Task: Search the records for the word "machines" and report each line that has it.

Stored entries:
★ ★ ★ ★

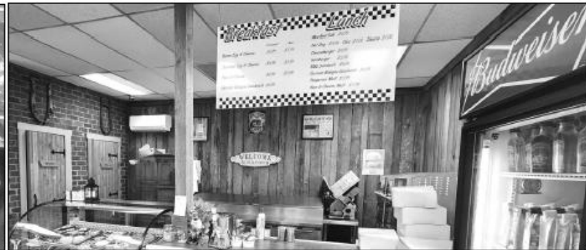
Located inside Jake's Tire and Auto Exxon in Manquin

Made Fresh Daily • Business & Corporate Orders Welcome • Made to Order Breakfast and Lunch Specials
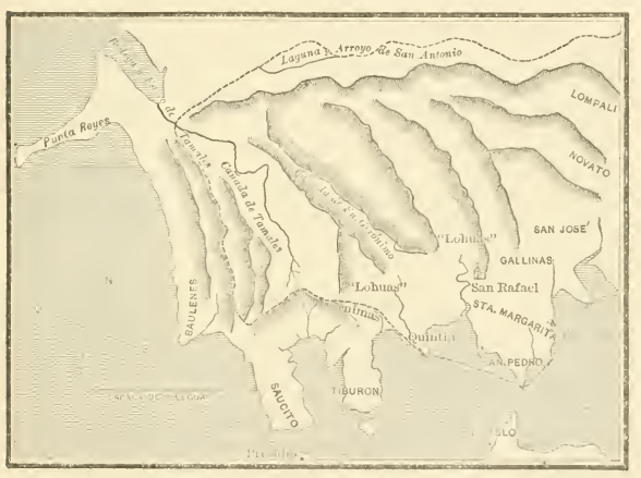
MAP OF S. RAFAEL LANDS IN 1834.

ber of neophytes in 1834 must have been about 500, a decrease of about 50 per cent since 1830; and in 1840 there were 190 Indians living in community with probably 150 scattered. The valuation in 1834 was $18,500, or deducting real estate and church property, $4,500 in excess of debts; two years later the debt seems to have considerably exceeded the available assets, though this fact is somewhat misleading as an indication of the actual state of affairs. A large por-
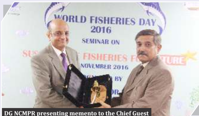
DG NCMPR presenting memento to the Chief Guest
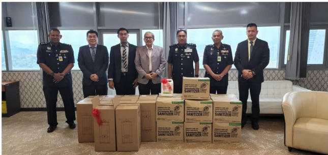
MEETING WITH ROYAL MALAYSIA POLICE FOR NEW HEALTHCARE CENTRE
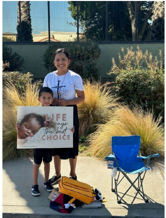
Santa Maria volunteer and son saving lives
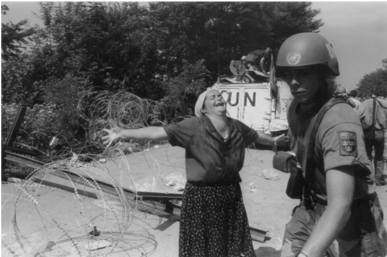
Tuzla, Bosnia, July 19, 1995. A Muslim woman forced out of Srebrenica.

A small Bosnian Government batallion of 2,000 men was also located in Srebrenica; these troops used the town as a base for conducting raids against nearby Serbian forces. During some of these raids, the Bosnian government soldiers allegedly killed a number of Serbian civilians. However, the Bosnian government batallion was ill
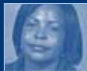
Minister Maite Nkoana-Mashabane Presiding President of COP17 Republic of South Africa
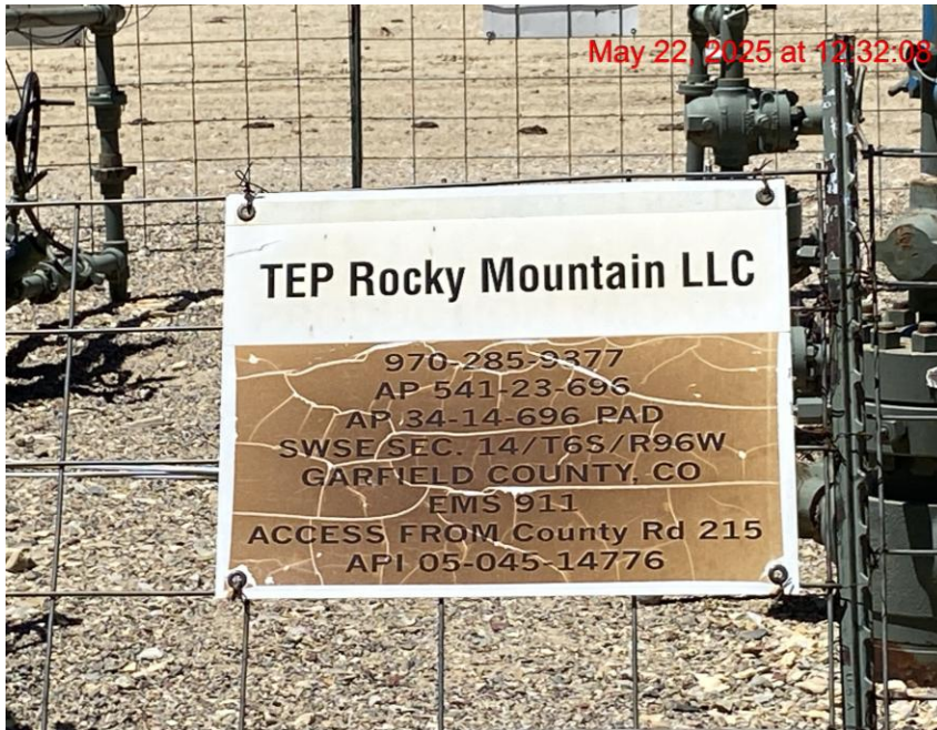
Illegible Wellhead Sign – Photo #09050
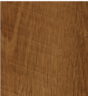
363 Stone Brown
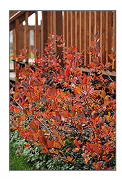
Autumn Magic Black Chokeberry in fall

This shrub will require occasional maintenance and upkeep, and is best pruned in late winter once the threat of extreme cold has passed. Gardeners should be aware of the following characteristic(s) that may warrant special consideration;
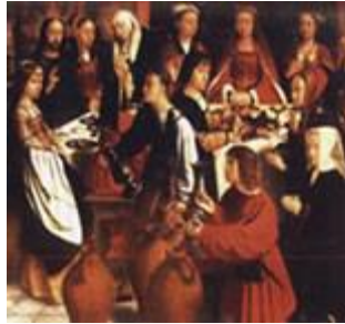
2. The Wedding of Cana (Fidelity)
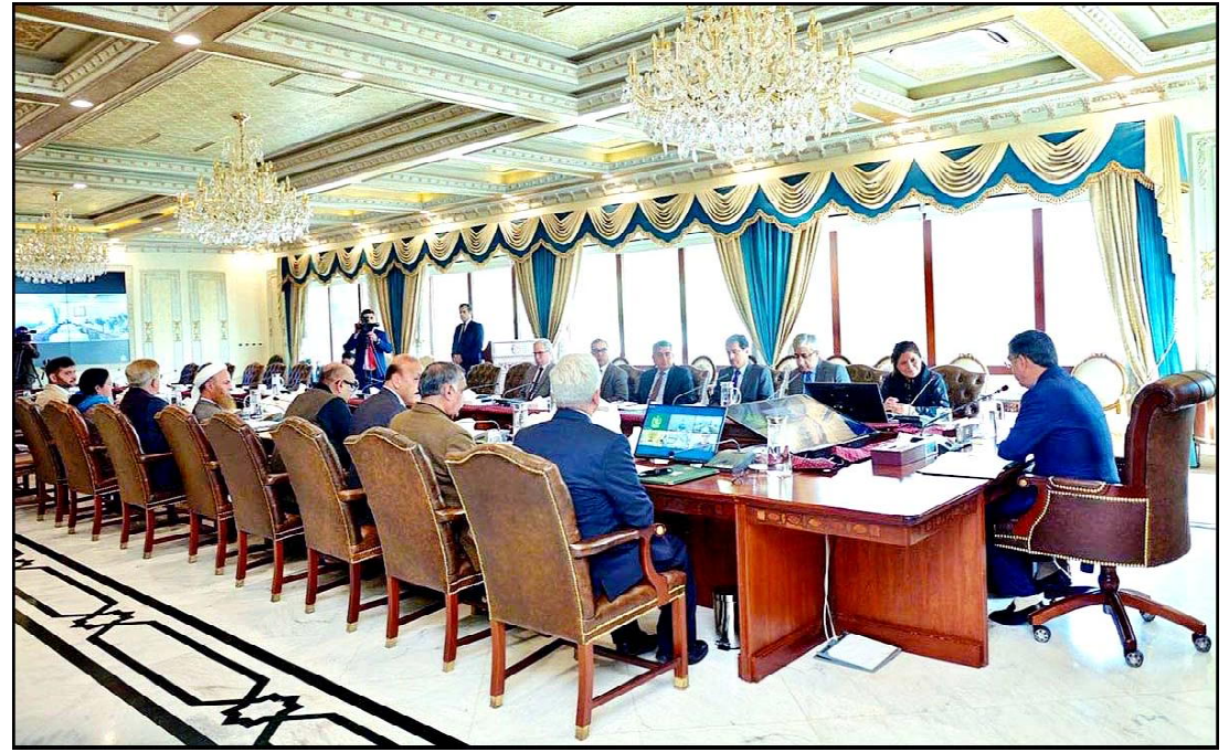
ISLAMABAD: Caretaker Prime Minister Anwaar-ul-Haq Kakar chairs a meeting on Afghan Transit Trade and Anti-smuggling.

The caretaker prime minister said that all the resources and security apparatus would be utilized to ensure the holding of peaceful polls on the election date and expressed the hope that they would be successful in this regard.
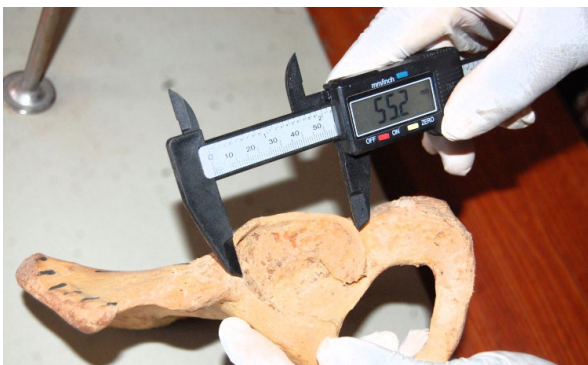
Fig 2. Measurement of the acetabular diameter

The distance from the junction where anterior iliac margin meets the periphery of the acetabulum to a point on the periphery of the Acetabulum nearest to the ischial tuberosity was measured with Electronic Vernier caliper. 17 This measurement is shown in Figure 2.
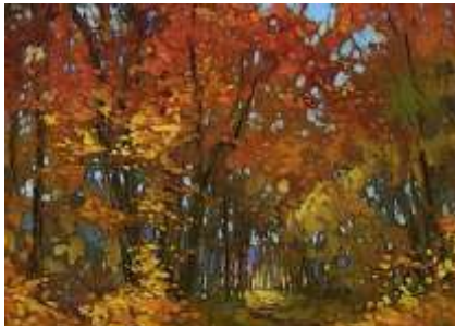
'Autumn colours' by Jan Schmuckal. ©
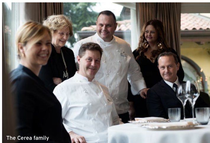
The Cerea family
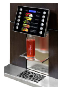
edition FIX L
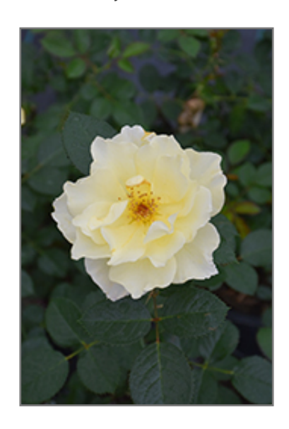
Yukon Sun Rose flowers
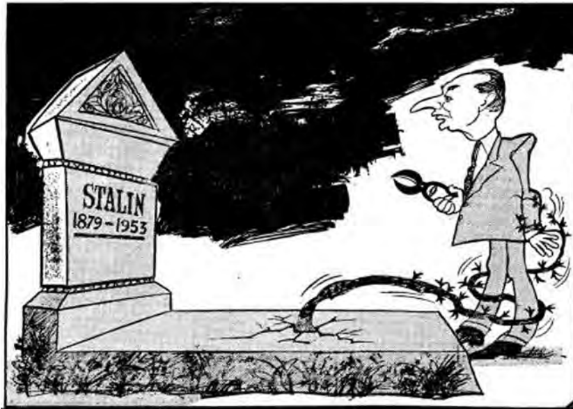
A British cartoon published on 23 July 1968. The figure on the right is Dubcek.
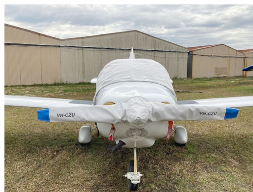
XL-2 PROPELLOR/SPINNER COVER
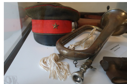
WWII Exhibit on Feb 24.

Tickets: Available soon www.brownpapertickets.com/event/4105521 and also at the door.
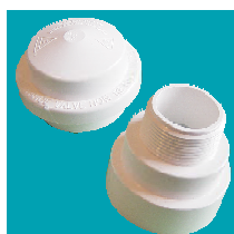
SOLVENT WELD WITH ADAPTER
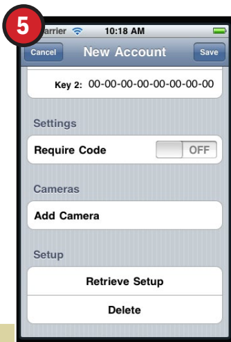
Step 5: Scroll down and touch the “Retrieve Setup” button to download your HAI home automation controller setup.
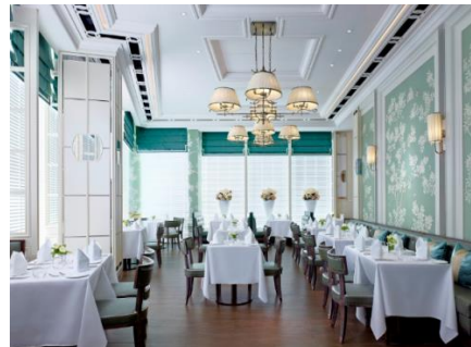
Gradini Ristorante E Bar Italiano
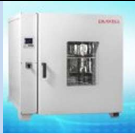
Drying oven different sizes and temperature ranges
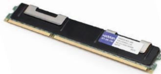
OEM Blade Server Memory

MB194G/A-AA 33L5040-AM 13N1524-AA 397409-B21-AM
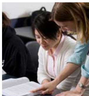
Kaplan Aspect Teacher with students
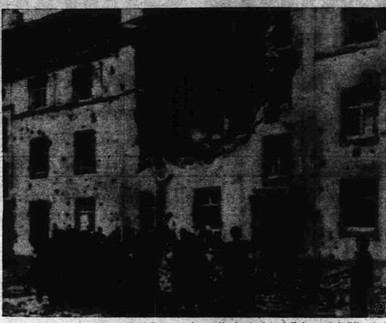
A Yank stands guard over a group of German pri the German city of Aachen during the battle for the German city, near the Belgian border.
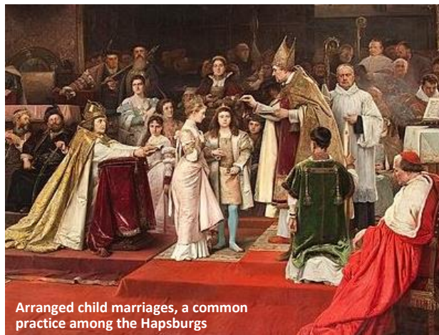
Arranged child marriages, a common practice among the Hapsburgs

This course approaches history from an unusual perspective—that of a single family, the Hapsburgs, whose dynasty lasted 1,000 years, from 1020 to 1918. How did they do it? Genealogical endurance: they were survivors. Generation after generation they produced male heirs; if sons were missing, then cousins and nephews were, with one exception, always at hand. They were fortunate too in their political alliances, but even more so in their marital alliances. They had enormous dynastic success in their arranged child marriages, as celebrated in the famous 17th century saying “Let others wage war, you happy Austria, marry.” But there was a downside to this focus on arranged marriages: inbreeding, or royal incest, if you will.
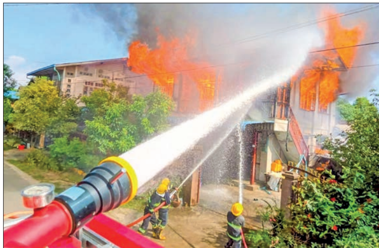
Firefighters are aiming their firehoses at the houses to protect the property of the people.

coal fire inside Myanmar International Terminal Thilawa in Kyauktan Township on 26 March 2012, Aung Moe Khaing cold storage fire in Kyauktan on 11 January 2013, Coca Cola factory fire on 24 September 2015, fire on the 22-floor of the hotel is under construction on Parami Road, Mayangon Township on 17 November 2015, Mingala market fire on 9 January 2016, fire outbreak of a tanker carrying jet fuel in Dagon Myothit (South) on 6 August 2017, Kandawgyi Palace hotel fire on 19 October 2017, YPI garment factory fire
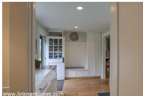
Laundry/mud room leads to first floor full bath
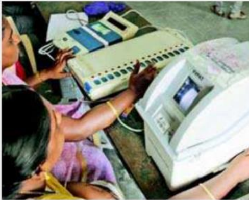
All for audit: Election officials checking VVPAT machines.

The Election Commission feels that with most opposition parties having declared their lack of faith in electronic voting machines, VVPAT machines are the need of the hour
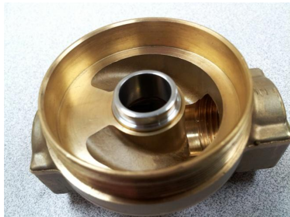
Remove any material or debris from the body. Inspect
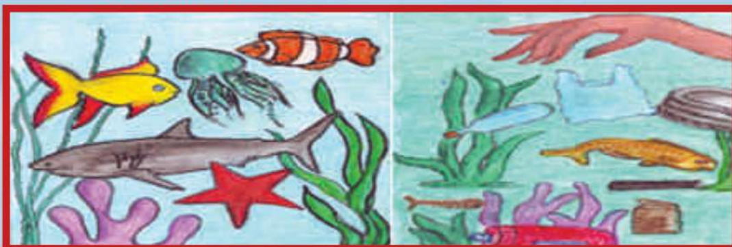
Take a Sneek Peek - Underwater!!!
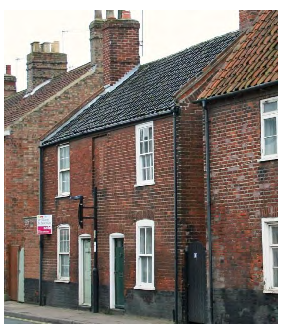
Nos.18 &20 (even) Lower Olland Street

eighteenth-century range at the southern corner of Turnstile Lane. Red brick, now partially rendered, with a red pan tiled roof. Dentilled brick eaves cornice. Turnstile Lane elevation gabled and rendered with largely late twentieth century casement windows. Four-panelled door. Blocked door opening in northern end of Lower Olland Street elevation. Poor quality late twentieth century windows in original openings. No.12 with twelve-light hornless sashes beneath flat arched lintels. Four-panelled door with a single, nineteenth century casement window above.No.14 has a nineteenth century wooden casement at first floor level and one sixteen-light sash. Four- panelled door. Cambered brick lintels. No.16 now entered from southern return elevation but with blocked opening on Lower Olland Street façade. Cambered brick lintel to ground floor window. Late twentieth century casement to ground floor and possibly nineteenth century casement above.
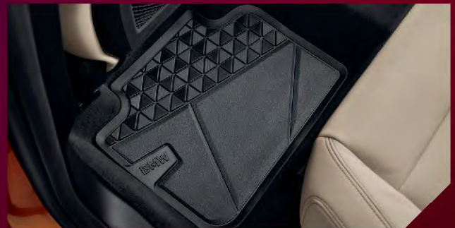
B51475A87FF2 Kit all-weather floor mats rear AED 607
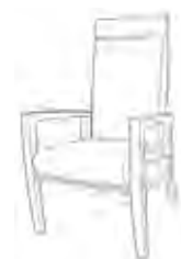
Galveston Stationary Rocker
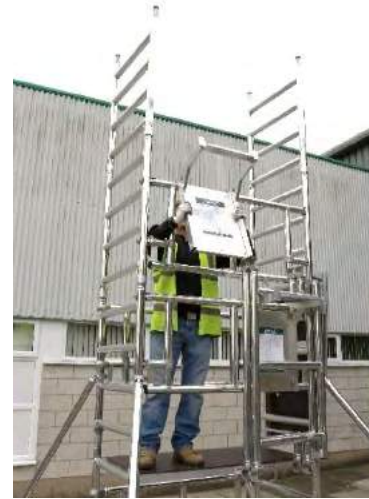
24. Relocate the side "empty" assembly bracket on the front of the tower (top rung of the tallest guardrail frame as shown)
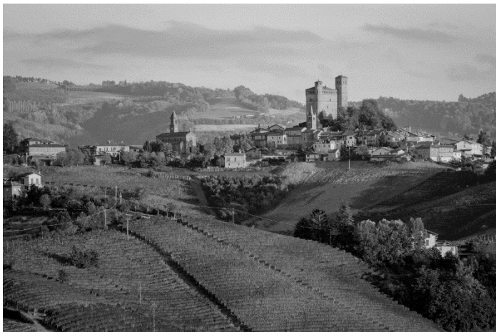
ITALY, PIEDMONT, D'ALBA
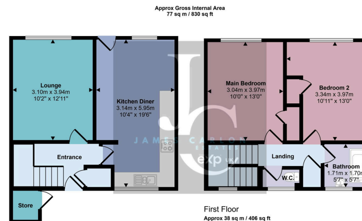
Ground Floor Approx 39 sq m / 424 sq ft

This floorplan is only for illustrative purposes and is not to scale. Measurements of rooms, doors, windows, and any items are approximate and no responsibility is taken for any error, omission or mis-statement. Icons of items such as bathroom suites are representations only and may not look like the real items. Made with Made Snappy 360.

★ ★ ★ ★

Finished exercise:
All for audit: Election officials checking VVPAT machines.
The Election Commission feels that with most opposition parties having declared their lack of faith in electronic voting machines, VVPAT machines are the need of the hour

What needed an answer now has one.